What is the most expensive cheese in the world?

It is important to distinguish between “best” and “ most expensive”: they do not always coincide. Among the world’s most expensive cheeses are extremely rare varieties such as Serbian Pule (made from donkey’s milk and produced in very small quantities), alongside Parmigiano Reggiano aged for over 60-80 months, sold as collector’s items due to the aromatic complexity they achieve. In these cases, the price reflects scarcity and the length of the aging process rather than a higher quality rating compared to standard-aged varieties.

Quick Comparison: World Cheese Awards vs. TasteAtlas

Criterion World Cheese Awards TasteAtlas
Judges 265 international experts, blind tasting Global community of users and enthusiasts
Number of cheeses evaluated 5,244 (2025 edition) Over 100 in the rankings
Method Technical score based on appearance, aroma, texture, and flavor Average user reviews
Winner 2025/2026 Gruyère AOP "Vorderfultigen Spezial" (Switzerland) Graviera Naxou (Greece)
Best Italian Parmigiano Reggiano, the most decorated cheese in the history of the competition Parmigiano Reggiano, 2nd place overall

Conclusion

Asking which is the best cheese in the world really means choosing which lens to use to judge it: the technical one of the World Cheese Awards, where a Swiss Gruyère triumphed in 2025, or the popular one of TasteAtlas, where Parmigiano Reggiano remains firmly on the podium. What no annual ranking can diminish is consistency: 937 medals over 24 years of participation in the World Cheese Awards make Parmigiano Reggiano DOP the most awarded cheese in history—an achievement that no single seasonal title can match.

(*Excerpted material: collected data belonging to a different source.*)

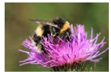
Hummeln sind häufige Besucher von Korbblütlern.

Pollenträger sind unter anderem wichtige Nützlinge in der Forst- und Landwirtschaft und stellen einen Großteil der menschlichen und tierischen Ernährung sicher. Ohne Bienen und Co. wäre aber auch unser subjektives Naturerleben um einiges ärmer. Wie traurig wäre ein Sommer ohne das tiefe Brummen der Hummeln, den luftigen Tanz der Schmetterlinge oder den glücksbringenden Marienkäfer auf der Hand. Naturfreunde und Gartenbesitzer können durch eine insektenfreundliche Bepflanzung viel dazu beitragen, dass es bei uns weiterhin summt, schwirrt und krabbelt.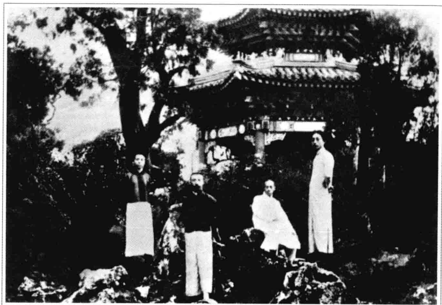
五四时期李大钊（左二）与友人在中央公园留影（左一为雷国能、右一为张申府、右二为梁漱溟）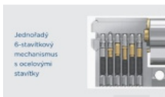
Jednořadý 6-stavítkový mechanismus s ocelovými stavítky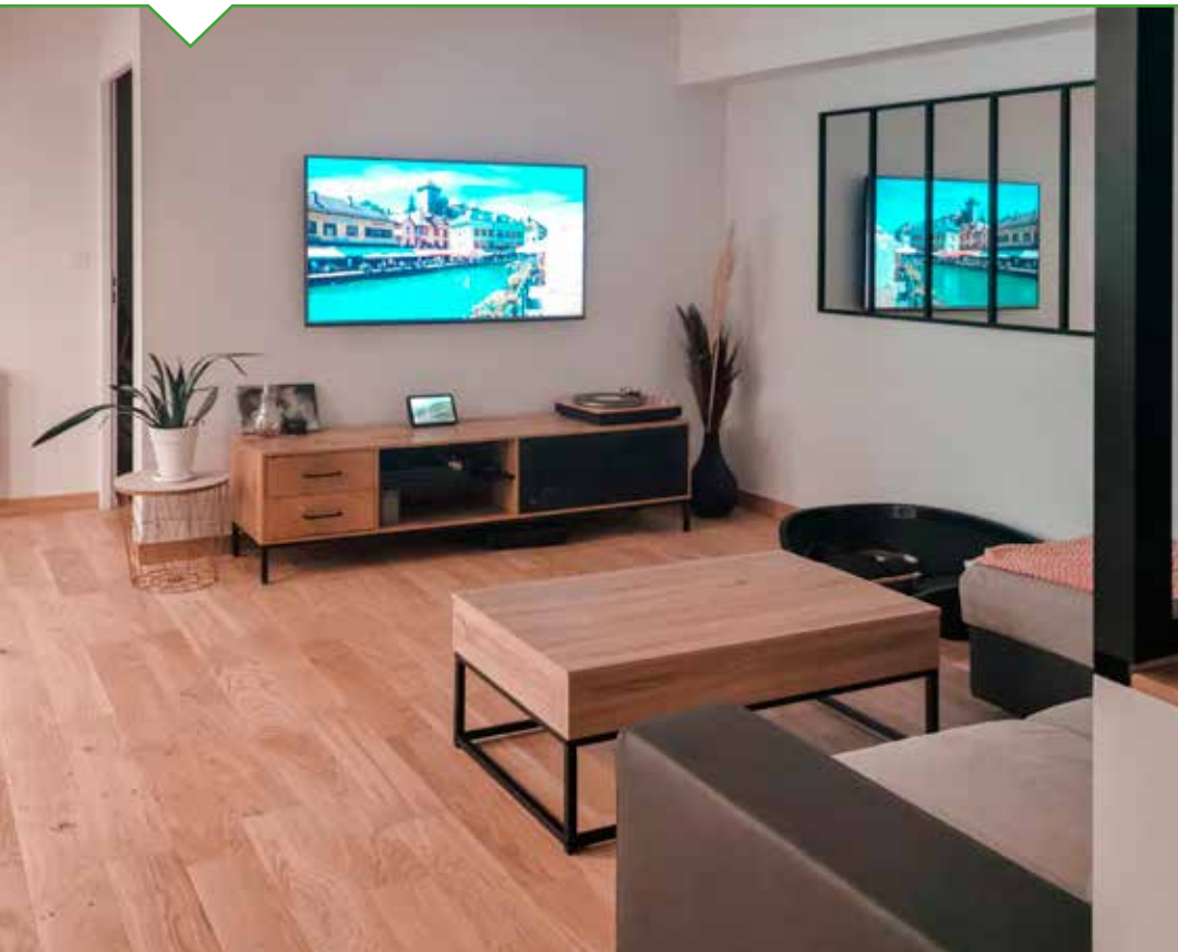
Des intérieurs conçus sur mesure répondant avec précision au cahier des charges des copropriétaires.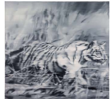
Gerhard Richter, Tiger , 1965 Fotoverwischung, 140 x 150 cm Museum Morsbroich, Leverkusen; © Gerhard Richter, 2016

Richter und Polke: Es entspinnt sich ein lockerer Dialog, der durch eine Auswahl von Werken Gerhard Richters aus der museumseigenen Sammlung ergänzt wird. Zahlreiche Drucke aus den Jahren 1965–1974 wurden ebenso früh für das Museum Morsbroich erworben wie Richters 1965 entstandenes Gemälde Tiger . Ein von Richter als Siebdruck Hotel Diana (1967) produziertes frühes »Selfie« zeigt Polke und Richter Bett an Bett im Billighotel. Die Selbstironie, mit der sie sich möglichen Anfängen eines Künstlerkults entziehen, spricht auch aus dem Gemeinschaftswerk Umwandlung (1968): Mit (heroischen oder magischen?) Kräften haben die beiden in den »5 Phasen« dieses Offsetdrucks ein Bergmassiv aufgelöst und in eine sphärische Kugel verwandelt.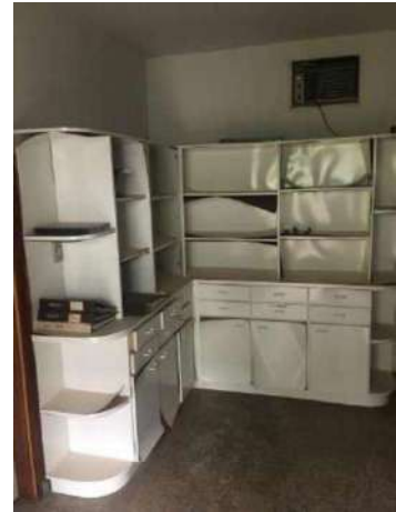
80- DOIS ARMARIOS BRANCOS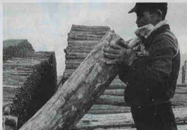
㉑ 昭和31年 坑木場で一番力持ちの作業員。手にしているのは、坑内で使う坑木です。(現吉田団地)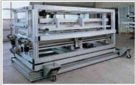
Mașină de debitat transversal și longitudinal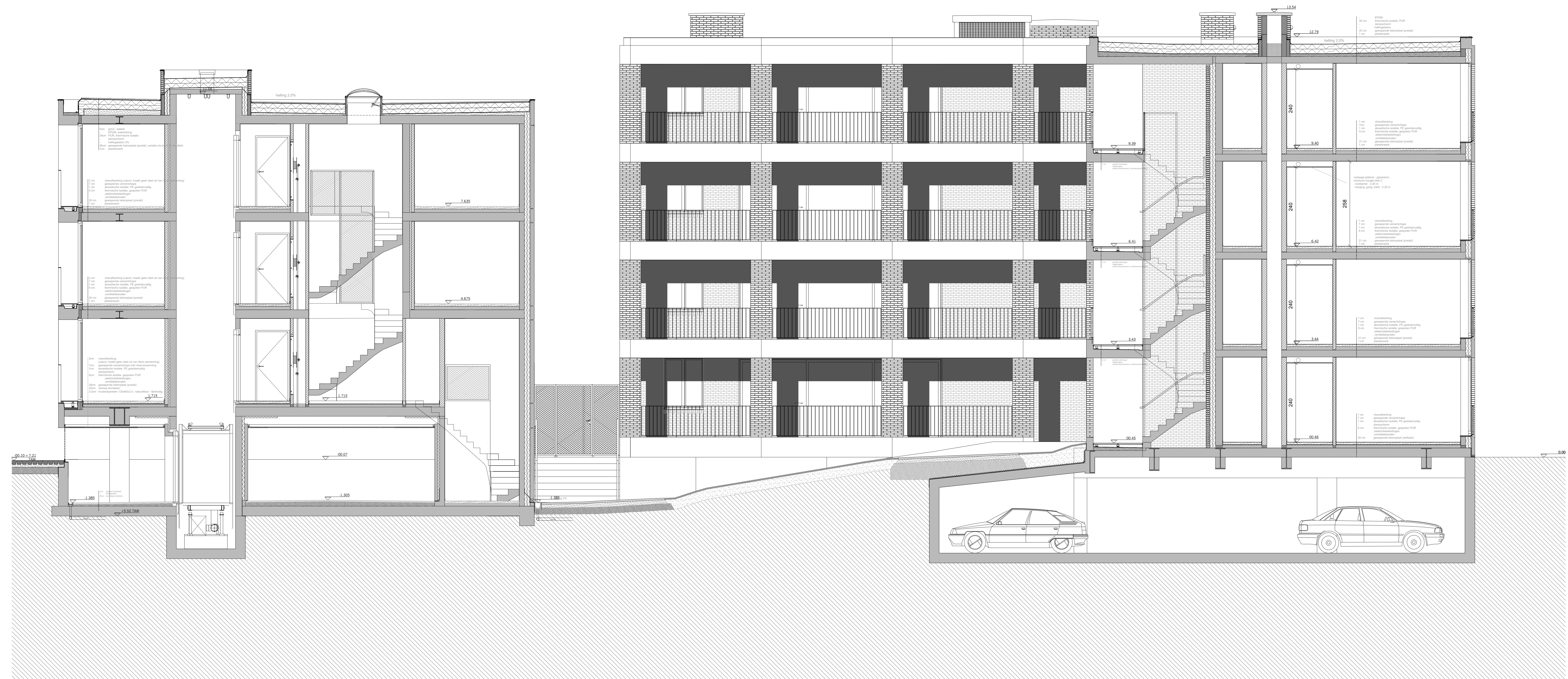
SNEDE BB _ BLOK A BLOK C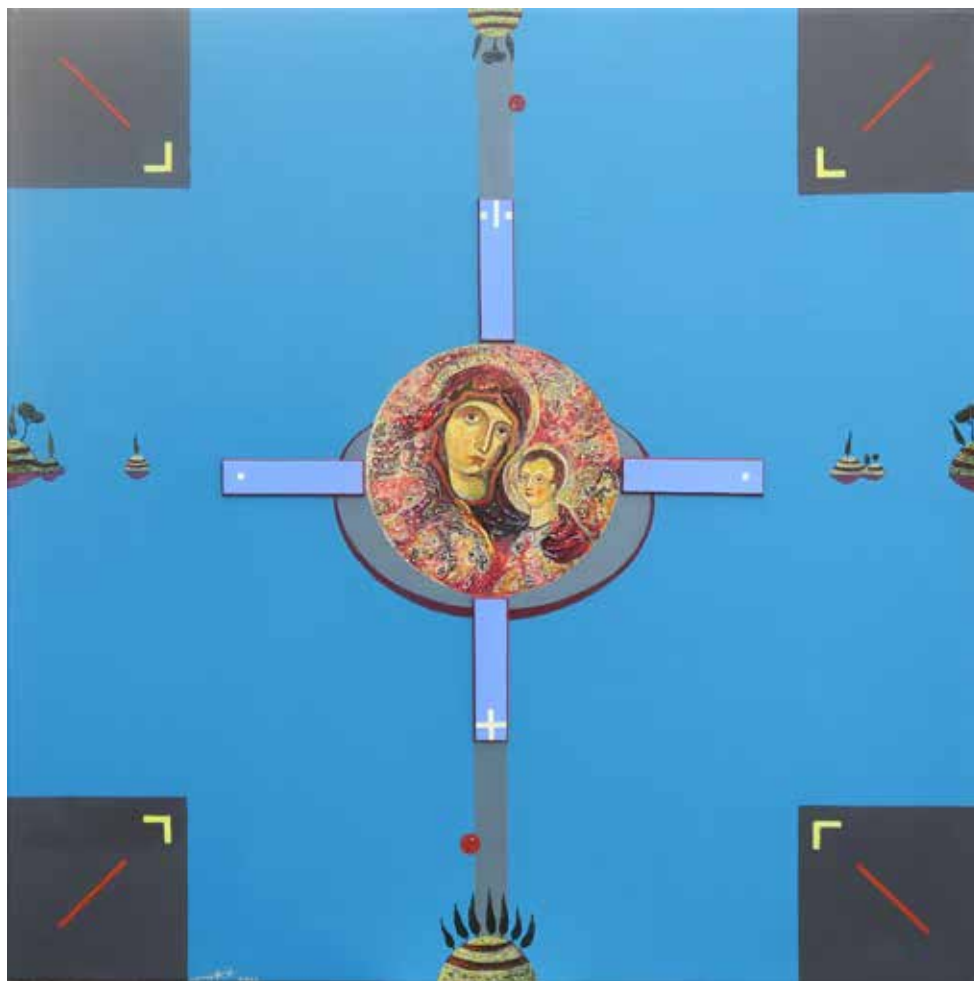
Marija v mediteranski krajini akril in kolaž na platnu, 80 × 80 cm, 2023

If you’d like to bring this record-breaking cheese to your table, discover our Selection of Parmigiano Reggiano DOP, sourced directly from dairies in the Parma region.

Domande Frequenti

There is no single answer: it depends on the ranking. At the 2025 World Cheese Awards The winner was the Swiss Gruyère AOP Vorderfultigen Spezial, while according to TasteAtlas The 2026 podium features Greek Graviera Naxou in first place and Parmigiano Reggiano DOP, which, however, remains the most-awarded cheese in the history of the World Cheese Awards with 937 medals from 2001 to the present.

In the TasteAtlas ranking updated as of January 2026, the top three are Graviera Naxou (Greece, 1st place), Parmigiano Reggiano DOP (Italy, 2nd place) and Queijo de Azeitão (Portugal, 3rd place).

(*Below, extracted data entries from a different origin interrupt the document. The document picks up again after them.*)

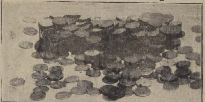
Monederos falsos están haciendo circular monedas de $ 1 burdamente falsificadas. El tamaño y el peso difieren fundamentalmente de los verdaderos.

Brigadas de detectives especializados buscan en estos momentos la pista de los falsificadores de monedas de un peso. Así fuimos informados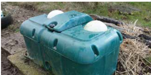
BILLEDE 18: Kar med bolde holder vandet frostfrit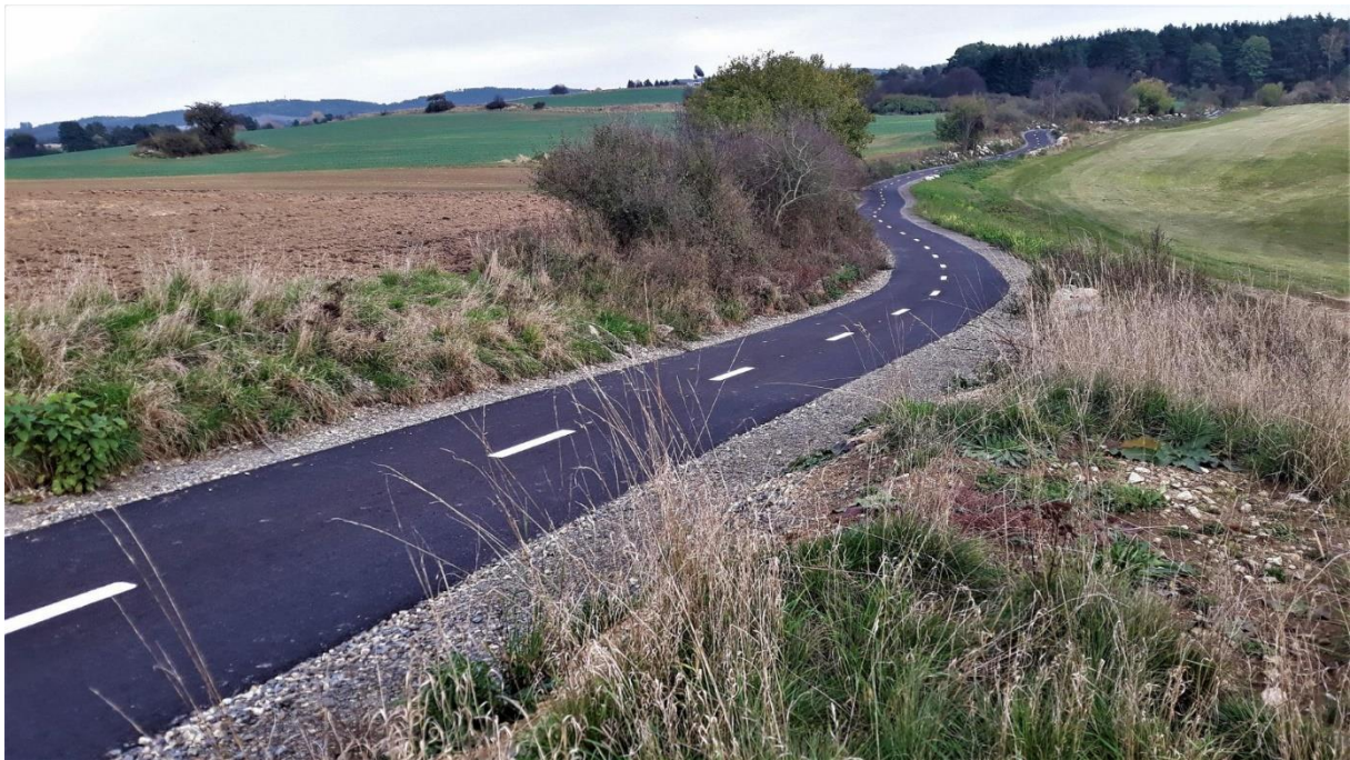
Obrázek 38: Krčínova Cyklostezka, Sedlčany [17]

For three main reasons: a production regulations very strict, requiring raw milk, limited area of origin and minimum aging period of 12 months; a system of traceability on a wheel-by-wheel basis with expert evaluation final evaluation by the Consortium; and a consistent track record at the World Cheese Awards which no other cheese in the world has ever matched, with A total of 937 medals since 2001.

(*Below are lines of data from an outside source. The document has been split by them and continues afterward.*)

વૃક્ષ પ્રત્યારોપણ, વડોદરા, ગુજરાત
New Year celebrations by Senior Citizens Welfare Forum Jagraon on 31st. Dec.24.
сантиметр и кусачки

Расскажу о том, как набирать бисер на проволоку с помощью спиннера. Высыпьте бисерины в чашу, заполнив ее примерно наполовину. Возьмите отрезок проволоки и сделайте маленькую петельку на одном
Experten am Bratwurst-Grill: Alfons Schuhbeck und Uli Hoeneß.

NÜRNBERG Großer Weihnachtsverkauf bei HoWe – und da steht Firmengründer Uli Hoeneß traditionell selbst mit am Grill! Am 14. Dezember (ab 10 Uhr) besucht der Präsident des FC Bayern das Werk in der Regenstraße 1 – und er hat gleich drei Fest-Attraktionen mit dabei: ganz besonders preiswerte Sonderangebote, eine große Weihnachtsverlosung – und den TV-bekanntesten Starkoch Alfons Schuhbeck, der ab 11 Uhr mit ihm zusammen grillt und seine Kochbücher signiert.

Among the The world’s most expensive cheeses include extremely rare varieties such as Serbian Pule, made from donkey’s milk, alongside extremely aged Parmigiano Reggiano aged for over 60–80 months, sold as collector’s items. The high price here reflects the production scarcity, not necessarily an indication of superior quality.

No. Already within the first 48 hours of processing, the lactic acid bacteria completely convert the lactose into lactic acid: the Parmigiano Reggiano It is therefore naturally lactose-free regardless of the aging period, as confirmed by the Ministry of Health in 2016.

The Parmigiano Reggiano uses raw cow’s milk partially skimmed and has a minimum aging period of 12 months, with grainy texture and notes of umami and dried fruit. The Swiss Gruyère AOP It uses whole cow’s milk and has a minimum aging period of 5 months and a more elastic texture, with sweeter and nutty notes.